Several years ago when Jeffrey Katzenberg was doing his full-throttle media tour to sing the praises of 3D cinema, a couple of journalists in the audience had the same question in mind: what does this mean for pornography?
Nobody, as I recall, had the nerve to ask Mr. Katzenberg the question, but the first part of the Rubicon has been crossed by the Brits, in a 3D advertisement for WonderBra. Bulging from a 20-ft. (6-m) wide billboard at Waterloo station in London, the ad for the new Full Effect bra, “Wonderbra’s best cleavage enhancer to date,” is all unfocused and muddy. To get the “full effect” of the poster (very droll, those advertising folks), cleavage craving passersby need to see the ad through 3D glasses. To further drive home the point, WonderBra posed a bunch of models in bras and 3DD (ba-da-boom!) glasses near the poster.
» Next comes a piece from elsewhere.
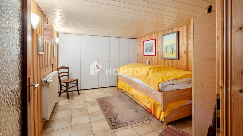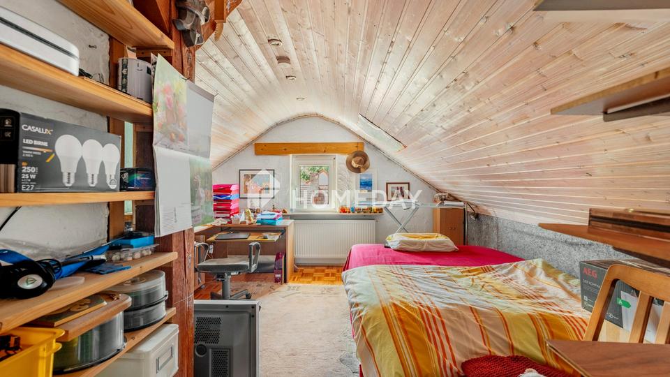 Ein weiteres Zimmer unter dem Dach bietet sich perfekt als Arbeitsbereich oder Gästezimmer an. Dank der Dachschrägen wirkt der Raum besonders gemütlich – ein echtes Refugium für ruhige Momente.

The rather wonderfully named Royal Society for the Prevention of Accidents claimed the blurriness of the image would make drivers look harder and therefore cause traffic accidents. Driving around with 3D glasses on is hardly going to be a solution either.
Maybe everybody should be looking harder. There is no Royal Society for the Prevention of Warping Young Girl’s Body Image, nor should there be, but since 3D is a gimmick most enjoyed by theĀ young and impressionable, this ad seems, well, annoying. There have been 3D bra ads in magazines before, and the London Sun had a 3D page 3 girl (of course). But nothing quite this public.
The ad’s leering celebration of bustiness comes almost five months to the day after one of Britain’s most successful retailers, Primark, was forced by public outcry to withdraw a child’s bikini from stores, because the bra was padded.
It’s a bunch of mixed old messages the Brits (and let’s face it, Americans, too) send girls, isn’t it?